• [Available data]
○ ○ ○

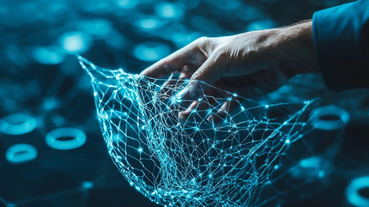 Создано на основе запроса: hand held fishing net A fishing net, catching digital symbols like data graphs, pie charts, bar graphs, blue hues,
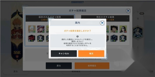 通过点击结果确认按钮,您可以选择保存的10连抽结果或最后抽取的10连抽结果。
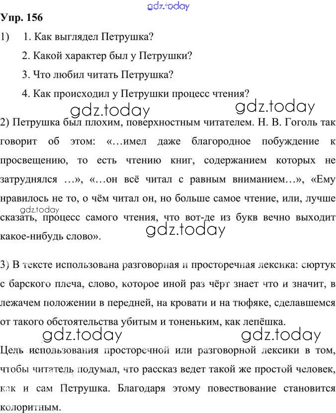 На страницах сайта gdz.today вы найдете учебный и вспомогательный материал, направленный на улучшения знаний школьной программы. ГДЗ - онлайн мир знаний Решение к упражнениям 156 Учебнику по Русскому языку для 6 класса Александрова, Загоровская Просвещение 2020
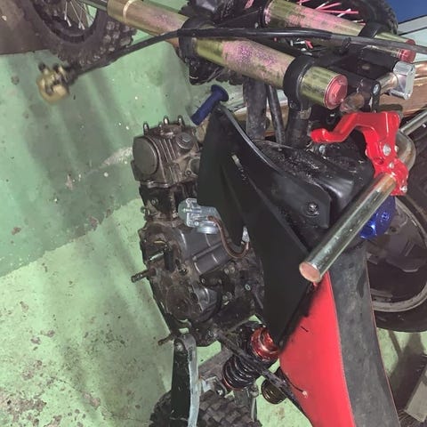 Ostan korjausta vaativan mopon tai moottoripyörän.
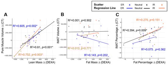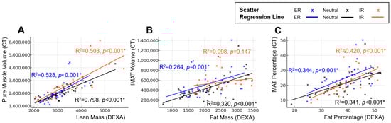 Position-dependent regression characteristics between DEXA-derived body composition metrics and CT-based reference measurements. Panels illustrate changes in regression slopes and model fit across external rotation, neutral, and internal rotation positions. Scatter plots and simple linear regression lines are shown for each position (External rotation = blue, Neutral = black, Internal rotation = orange): (A) Linear regression between DEXA lean mass and CT pure muscle volume. (B) Linear regression between DEXA fat mass and CT IMAT volume. (C) Linear regression between DEXA fat percentage and CT IMAT percentage. Across all analyses, regression slopes and explanatory power varied according to limb position, demonstrating the positional sensitivity of DEXA measurements compared with CT-based reference standards. An asterisk (*) indicates a statistically significant difference (p < 0.05).
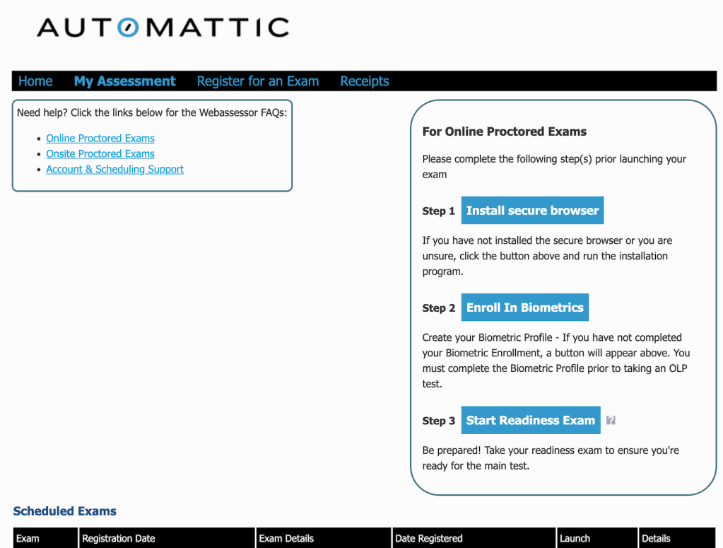 When your exam is scheduled, you will see this information under the ‘My Assessment‘ tab.
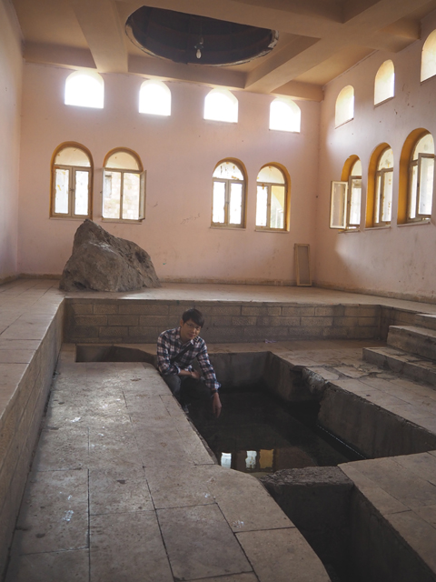走了進去,裏頭比外觀還要素淨,像是贊助經費在屋子砌完便已用盡,應該多放個捐獻箱,再添張說明板把來由寫得繪聲繪影。在故事裡,摩西帶著跟隨他的百姓出埃及、過紅海,往北尋找應許之地,怎料走了四十年沿途卻盡是荒茫,很令人喪志。幸好在多數群眾已口渴不支時,摩西得了神諭以杖擊石,奇蹟使其生流,才讓旅程得以繼續。很顯然,情節所述的就是廳角那塊粗糙大石了,仔細一看,中間還真有裂縫,只是類似的裂岩「佩特拉」到處都是,最初是哪一位,又是用何樣的證據說服他人呢?無從知曉的我,僅能跟著大夥走近一旁特意砌出的方池,碰碰或許真有神奇力量的泉水,以很觀光客的姿勢拍照留念。
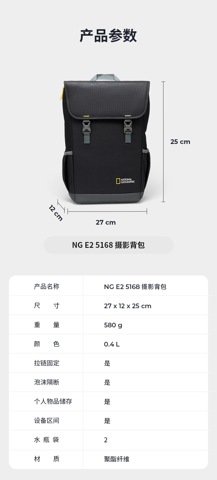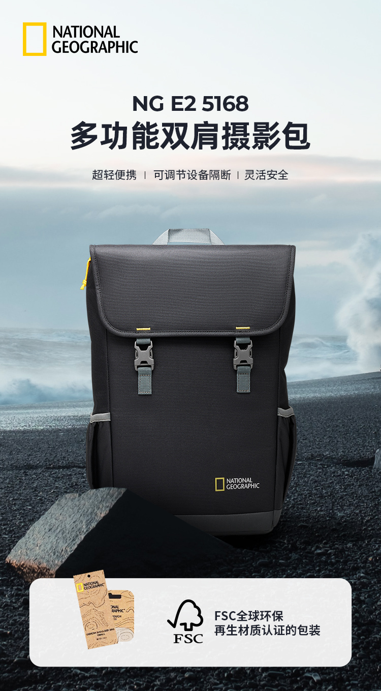 National Geographic摄影包 环保再生材质 为专业摄影师打造 轻量、舒适、可调节隔断 多产品适配 NG E2 5168

○ ○ ○

• [Aim of the task] Without any pictures, reproduce the lines from the first one in the material through the line that has "Ostan korjausta vaativan", exactly as they appear.

• [Answer to the problem]
 Создано на основе запроса: hand held fishing net A fishing net, catching digital symbols like data graphs, pie charts, bar graphs, blue hues,
 通过点击结果确认按钮,您可以选择保存的10连抽结果或最后抽取的10连抽结果。
 На страницах сайта gdz.today вы найдете учебный и вспомогательный материал, направленный на улучшения знаний школьной программы. ГДЗ - онлайн мир знаний Решение к упражнениям 156 Учебнику по Русскому языку для 6 класса Александрова, Загоровская Просвещение 2020
 Ostan korjausta vaativan mopon tai moottoripyörän.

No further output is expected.